IBRO's membership consists of more than 100 international, national, and regional neuroscience organizations. Representatives of these member organizations form the Governing Council. Together with five regional committees, the organization coordinates activities related to neuroscience research and training across different regions.

In addition, IBRO works with partner scientific societies and organizations on initiatives related to brain research.

==History==
IBRO was founded in 1961 in response to increasing interest among neuroscientists in establishing an international organization to facilitate communication and collaboration across national boundaries.

IBRO is an independent, international non-governmental organization. According to the organization, its activities include supporting neuroscience research and training worldwide and promoting diversity, equity, and inclusion within the neuroscience community. IBRO reports representing approximately 95,000 neuroscientists globally through its member societies.

== Governance and organization ==
IBRO's governance structure consists of several bodies. The Governing Council, composed of representatives from member societies, is responsible for electing the organization's senior officers. The Board of Directors comprises the elected officers and the chairs of the five regional committees and is responsible for overseeing IBRO's activities. The Board is advised by an advisory board made up of past and incoming officers.

IBRO's officers include the President, Secretary General, and Treasurer. The organization operates through five regional committees — Africa, Asia–Pacific, Latin America, Pan-Europe, and US/Canada — which coordinate activities within their respective regions.
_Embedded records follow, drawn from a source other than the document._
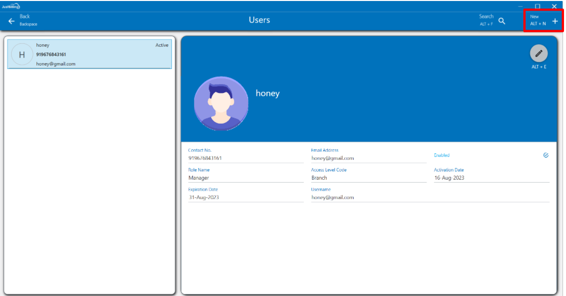 To create a new User, you need to log into Just Billing Application in your desktop.
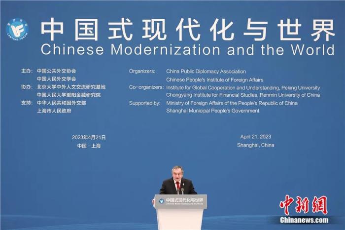 2023年4月21日,“中國式現(xiàn)代化與世界”藍(lán)廳論壇在上海“世界會(huì)客廳”舉辦,沙拉夫出席論壇開幕式并致辭。殷立勤 攝
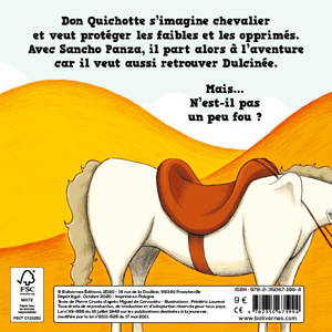 Un gentilhomme a lu tellement de livres de chevalerie qu'il en perd l'esprit. Il se nomme maintenant Don Quichotte et part à l'aventure avec un laboureur, Sancho Panza. Ils rencontreront des géants, à moins que ce ne soient des moulins à vent, et des armées en bataille, sauf si ce n'étaient que des troupeaux de moutons⦠Certains tenteront de l'aider, d'autres se moqueront de lui, mais Don Quichotte finira par retrouver la raison, entouré de ses amis. D'après le célèbre roman de Miguel de Cervantes, les tout-petits suivront les aventures de Don Quichotte, de manière adaptée, simple, et en même temps les parents pourront aussi (re)découvrir ce classique intemporel.
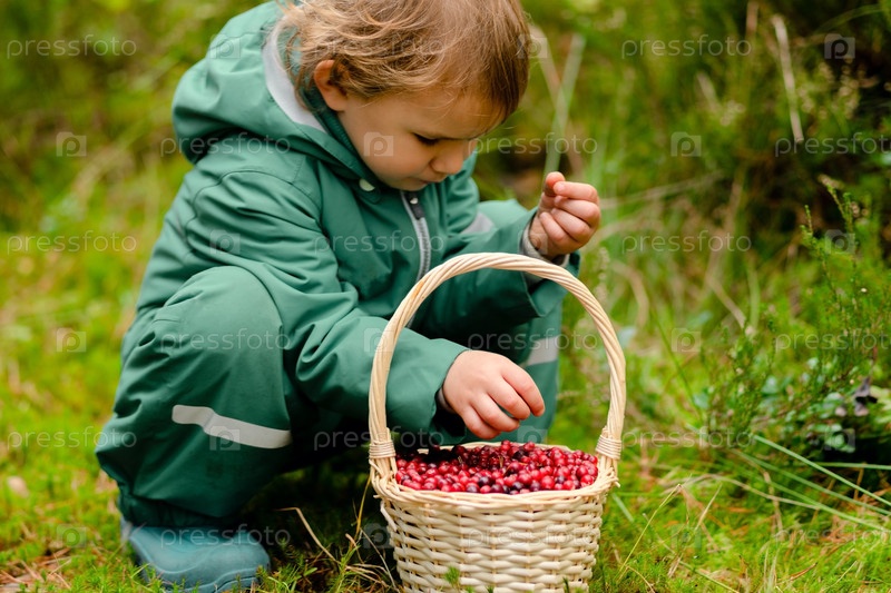 Малыш сидит и сортирует клюквы в осеннем лесу
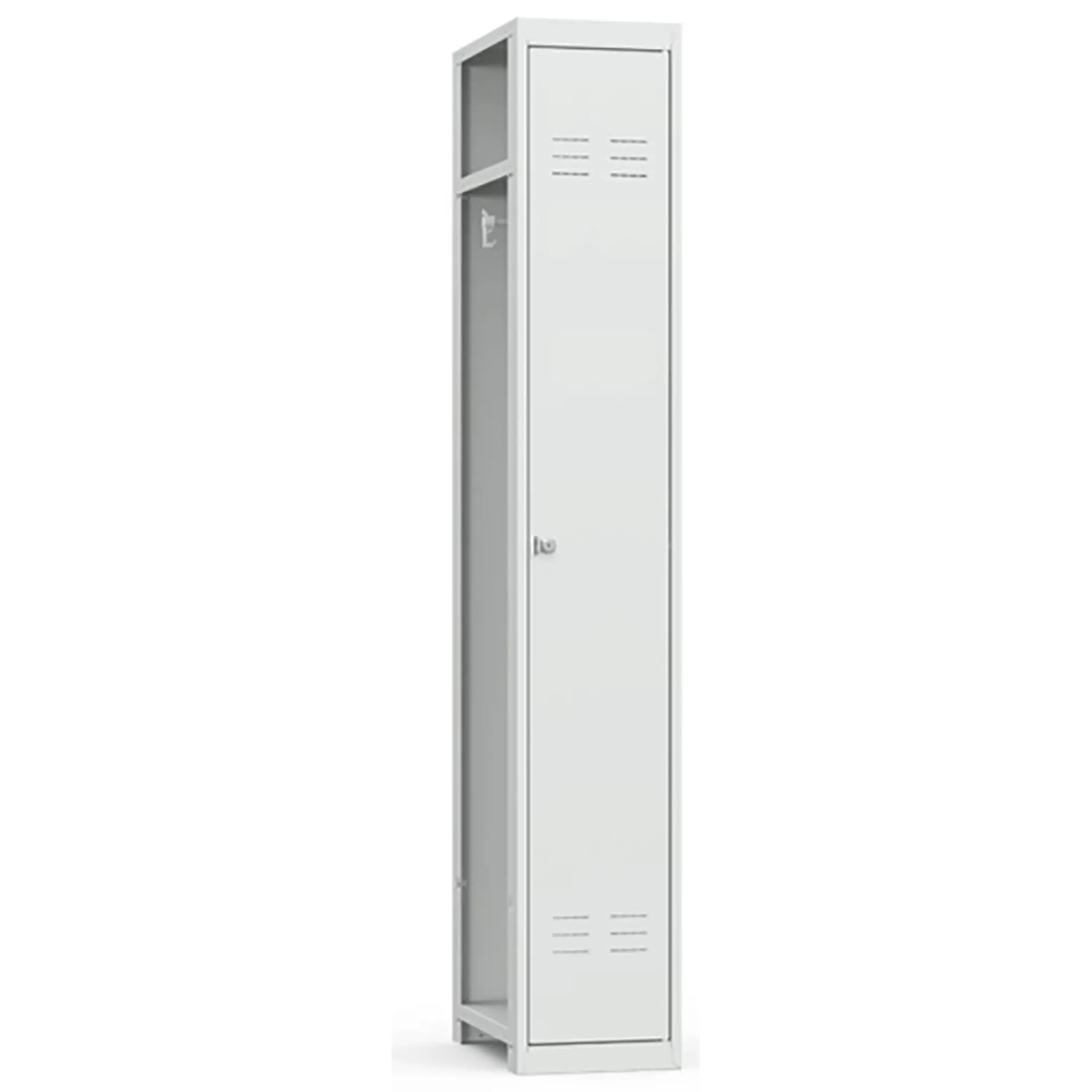 • Односекционный металлический шкаф для одежды имеет полную внутреннюю комплектацию: полку для головных уборов, пластиковые перекладины для вешалок и два крючка для одежды, проушина для навесных замков;

The day-to-day operations of IBRO are managed by a Secretariat led by an executive director. IBRO's offices are located in Brussels, Belgium.
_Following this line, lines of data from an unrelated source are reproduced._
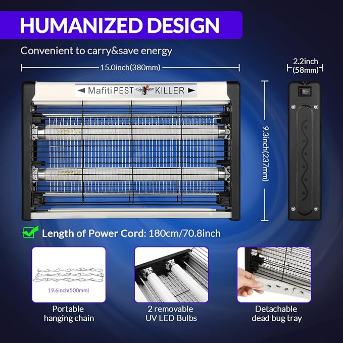 - 【 Safe and Eco Friendly 】 No any safety risk to you or the environment.Enjoy commercial strength pest control without the need for dangerous traps, repellants, poisons, sprays, chemicals or costly treatments. With protective grid to keep your kids and pets out of internal electrified grid. Its detachable grid design also allows you to replace the bulbs more portable.
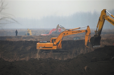 ◀昨日,顺义区南彩镇,工作人员操作挖掘机平整土地,为平原造林工程做准备。新京报记者 薛珺 摄
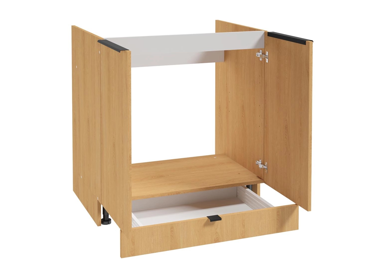 Idealne rozwiązanie dla posiadaczy niewielkich przestrzeni. Szafkę można wykorzystać zarówno do zabudowy zlewu, jak i do przechowywania produktów spożywczych, naczyń i akcesoriów kuchennych. Dodatkowo, szafka została wyposażona w szufladę ukrytą w cokole.
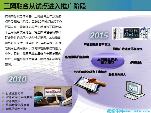很多從業者認為,我在網上也看到一些文章,說三網融合是吹出來的,但確確實實是吹出來的,不是靠總結報告寫出來的。首先我們看一下,54個城市實實在在開展了,2010年的時候當時12個城市,當時連報告都不知道怎么寫,并且還要催。但是現在很多非試點的城市已經開了,這些資料都是網上公開的,大家都可以在網上直接找到這些資料。
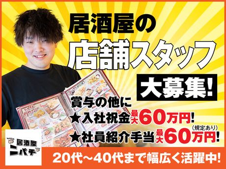 職種/仕事内容 | 仕事内容 未経験から店長へ。エリア外転勤なし!年数回の昇格・昇給も可能! 未経験からスタートしたスタッフ多数活躍中! 基礎から学べる教育体制と、 頼れる先輩のサポートで安心して成長できます。 ー・ー・ー・ー・ー・ー・ー < このお仕事のミリョクPoint!> ●入社1年目から平均月収35.8万円も可能! ●入社祝金最大60万円!/規定あり ●社員紹介手当最大60万円!/規定あり ●食事補助あり!(1勤務に1食無料) ●動画マニュアル完備!安心の教育体制! ●髪型・髪色自由!※規定あり ●前給制度あり※規定あり ●社員割引(会計から20%オフ) ●カンリー福利厚生導入中! (映画・ネイル・コンビニなど数百種類の割引が利用し放題) ー・ー・ー・ー・ー・ー・ー <お仕事内容> ジャンボ焼鳥と釜めしが旨い店! 低価格居酒屋「ニパチ」で店舗スタッフのお仕事! ●接客や料理の配膳などのサービス業務 ●一品料理の調理や仕込み ●シフト作成・売上管理などをお任せ! ー・ー・ー・ー・ー・ー・ー <自己申請昇格制度あり> 年数回の昇格・昇給も可能! 2年目で店長になった方も! 【キャリアアップ例】 店舗スタッフ ↓ 店長 ↓ チームリーダー ↓ エリアマネージャー ↓ 部長 ー・ー・ー・ー・ー・ー・ー <ニパチ社員のスケジュール> ※実働8時間のシフト制 営業時間15:00~翌2:00 の場合 ※実働8時間のシフト制 営業時間15:00~翌2:00 の場合 15:00~ 出勤!今日も1日頑張りましょう! 15:00~16:00 オープン前準備 16:00~23:00 接客・調理 (※途中休憩1時間あり) 23:00~ 退勤!お疲れ様でした☆ミ ー・ー・ー・ー・ー・ー・ー <ニパチについて> ニパチの一押しは、ジャンボ焼鳥&釜めし! 定番の居酒屋メニューも豊富で、約140種類の ドリンクやフードが280円(税込308円)。 ちょい飲みからご宴会まで、 幅広くご利用いただいております。 ー・ー・ー・ー・ー・ー・ー |

== Programs and activities ==
IBRO supports neuroscience research and training through a range of programs, including grants, fellowships, travel awards, and training initiatives. These include collaborative research grants, exchange fellowships, early-career support programs, parenthood grants, and funding for specialised courses and schools.
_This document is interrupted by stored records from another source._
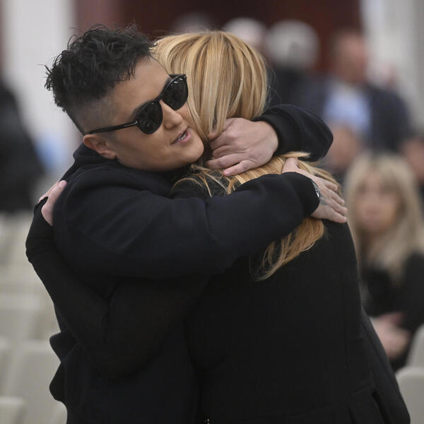 Vidno skrhani ušli su u salu, a udovica krije uplakano lice sa velikim sunčanim naočarima.
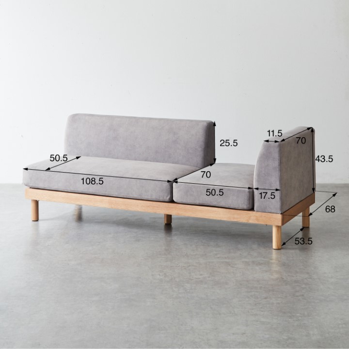| 素材 | 構造部材:合板、アッシュ材 表面加エ:ラッカー塗装 張り材:ファブリック クッション材:ウレタンフォーム、ポケットコイル |
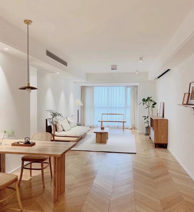 大面积木地板铺装,视觉空间更加舒适宽敞。家里没有造型墙,四面都是白色,怕太淡。我选择了有气质的鱼骨造型,让空间有更强烈的立体感和延伸感。
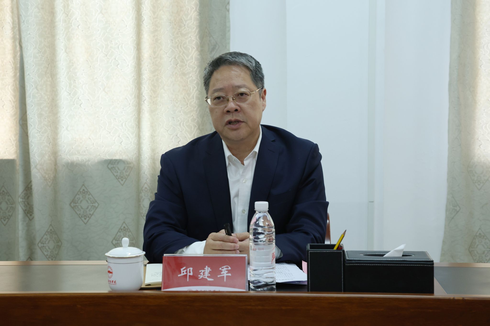 邱建军在听取汇报和发言后指出,当前学校思政课专职教师数量达到国家要求,但在职称结构、学历层次等方面仍需持续优化。为建强培优思政课教师队伍,切实提升思政课育人实效,他强调:一要提高站位,深化认识。思政课是落实立德树人根本任务的关键课程,思政课教师责任重大、使命光荣,要倍感珍惜,心怀感恩,奋发有为。二要精准研判,直面挑战。要加快内涵式发展,优化教师队伍结构。教师要充分发挥主观能动性,在学历提升、职称提升、能力提升上积极作为;学校、学院和教师三方应协同发力,有组织、有方向、有步骤地推进教学改革与科学研究,优化教学内容与方法,着力打造一批思政“金课”。三要精准施策,建设高素质思政队伍。要有针对性地引进教学、科研能力突出的优秀人才,充分发挥优秀教师的示范引领和传帮带作用,系统化开展教师培育工作,不断提高学生的“抬头率”“参与率”。四要科学评价,激发教师活力。要优化教师评价机制与标准,鼓励教学创新与科研探索,激发教师内生动力和发展潜能,为高素质队伍建设提供制度保障。五要全方位保障,协同建设思政队伍。强化经费保障与资源投入,推进“行走的思政课”、教学竞赛以及学术研究的开展,促进教学、科研成果的有效产出。六要规范管理,压实责任。严明教学管理和课堂纪律,引导教师以德立身、以德立学、以德施教,不断提升职业素养与综合能力,切实增强走出去、站起来的底气与竞争力。
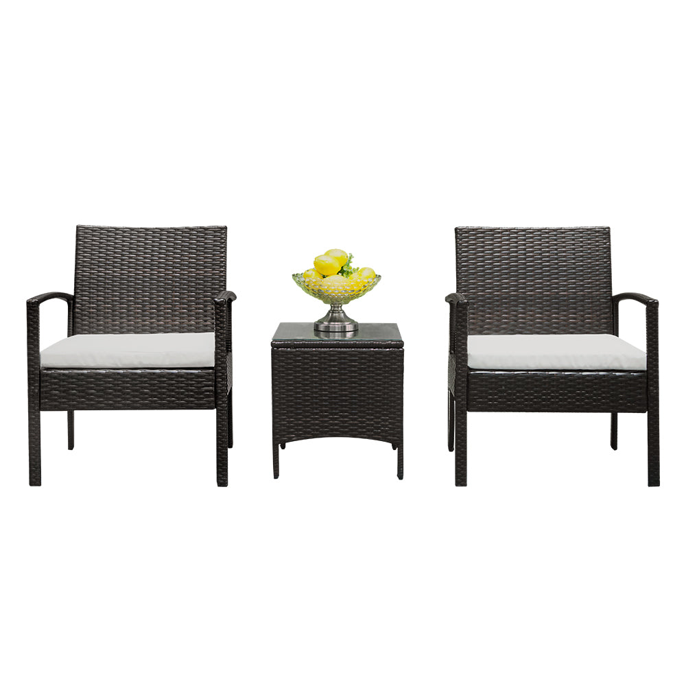 Made with weather-resistant PE wicker and supported by a sturdy iron frame, the two armchairs are paired with plush cushions for all-day comfort. The tempered glass-topped coffee table adds practicality and a modern look, ideal for holding drinks, snacks, or small décor.
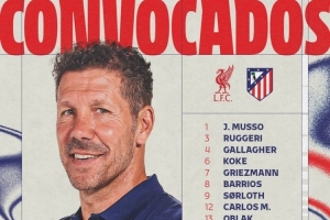 马竞客战利物浦名单:格列兹曼、拉斯帕多里在列,阿尔瓦雷斯缺席
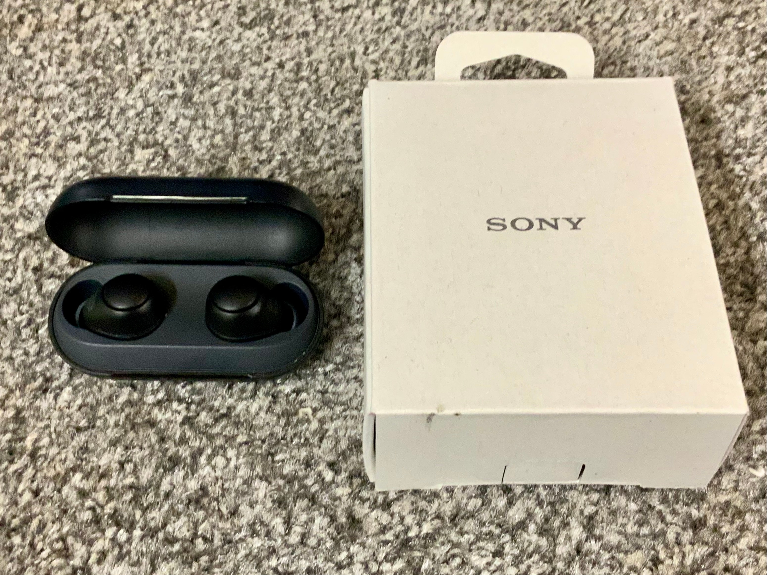 BOXED SONY WF-C700N IN BLACK WITH CHARGING CABLE AND EXTRA BUDS

The organization also supports educational activities delivered through IBRO-affiliated neuroscience schools, workshops, and short courses in different regions.

Every four years, IBRO organizes the IBRO World Congress of Neuroscience, an international scientific meeting. The 2027 World Congress is scheduled to take place in Cape Town, South Africa.

IBRO also collaborates with partner organizations on outreach and advocacy initiatives related to neuroscience education and research.

== IBRO World Congress ==
The IBRO World Congress of Neuroscience is an international scientific conference organised by IBRO every four years in different world regions. The congress provides a forum for researchers to present and discuss developments in neuroscience and related fields.

In the past 20 years, the IBRO World Congress has been held in the following locations:

- 2023 – Granada, Spain (approximately 2,800 participants)
- 2019 – Daegu, South Korea (approximately 4,385 participants)
- 2015 – Rio de Janeiro, Brazil (approximately 2,500 participants)
- 2011 – Florence, Italy (approximately 4,200 participants)
- 2007 – Melbourne, Australia (approximately 2,500 participants)

The next IBRO World Congress is scheduled to take place in Cape Town, South Africa, in 2027.

==Publications==
IBRO publishes two peer-reviewed scientific journals:

- Neuroscience – the official journal of IBRO, published on the organization's behalf by Elsevier.
- IBRO Neuroscience Reports – a fully open-access journal published by Elsevier.

== Funding ==
As a non-profit organization, IBRO generates revenue from several sources. According to the organization, its primary source of income is derived from its two official journals, Neuroscience and IBRO Neuroscience Reports. Additional funding is obtained through membership dues and contributions from partner organizations involved in regional and global collaborations.

IBRO publishes annual reports that provide information on its financial position and the use of funds supporting its activities.